Also, a lot of problems can be found using Google. If you are struggling with a particular one, google it. Chances are that someone somewhere has had the same problem and has shown how to work it out on the internet.

The main point is to be a steady go-to parent for your kids. You need to realize that there is help out there. Parents can help at least direct them to that help online. I am going to provide you with helpful hints, tricks and trusty websites that can help you get through the jungle that we call Algebra.

Word Problems!!!! - The Nightmare of Every Student

Steps to work through

Steps to work through

Break the Problem Into Bite-Sized Pieces

Word problems are definitely not the favorite of students. I battled them in elementary, now, my kids & students battle them. This is not said to discourage, but to let you know that you are NOT alone. I want to help with some basic problem solving techniques to get you through the word/story problems step by step.

Problem Solving must be broken down step-by-step. If you look at the whole thing, read it only once, you WILL be frustrated. I want to help arm you with helpful tools that will help with each and every word problem.

Here is a list of the techniques, (not to worry, I am going to break them each down below individually): Look for Clues, Game Plan, Solve, Reflect.

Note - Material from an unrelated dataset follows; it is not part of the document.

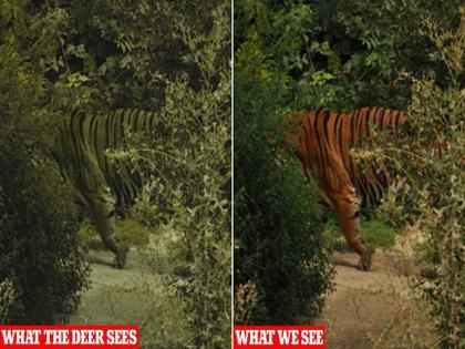 वाघ हरणाची शिकार करतानाचे अनेक व्हिडीओ तुम्ही सोशल मीडियात बघितले असतील. जास्तीत जास्त व्हिडीओजमध्ये वाघ मोठ्या मेहनतीने हरणाची शिकार करतो. पण तुमच्या मनात कधी प्रश्न पडलाय का की, वाघ हरणाची शिकार सहजपणे कसा करू शकतो? याचा शोध घेण्यासाठी इंग्लंडच्या ब्रिस्टल युनिव्हर्सिटीने रिसर्च केला. वैज्ञानिकांनुसार, मनुष्य सगळ्याप्रकारचे रंग बघून ते ओळखू शकतो. पण जनावरांचं तसं नसतं. हे समजावून सांगण्यासाठी वैज्ञानिकांनी कॉम्प्युटर स्टीमुलेशन तंत्रज्ञानाचा आधार घेतला होता.

So, let's see how to do this....

Reading Word Problems

Reading word problems is a little more than just reading and answering. You need to read for information and facts. I suggest that a student reads through the question one time. Then, with a pencil in hand read each phrase. Circle important information like "difference", "more than", "per", "less than". Each phrase has the potential of telling you exactly what to do.

On the other hand, you have to watch out for unnecessary information. Many times a question will be asking about, say, apples and asking the question about apples, but will give information and the amounts of oranges. While reading through the problem phrase by phrase, mark out the fluff --- unnecessary information.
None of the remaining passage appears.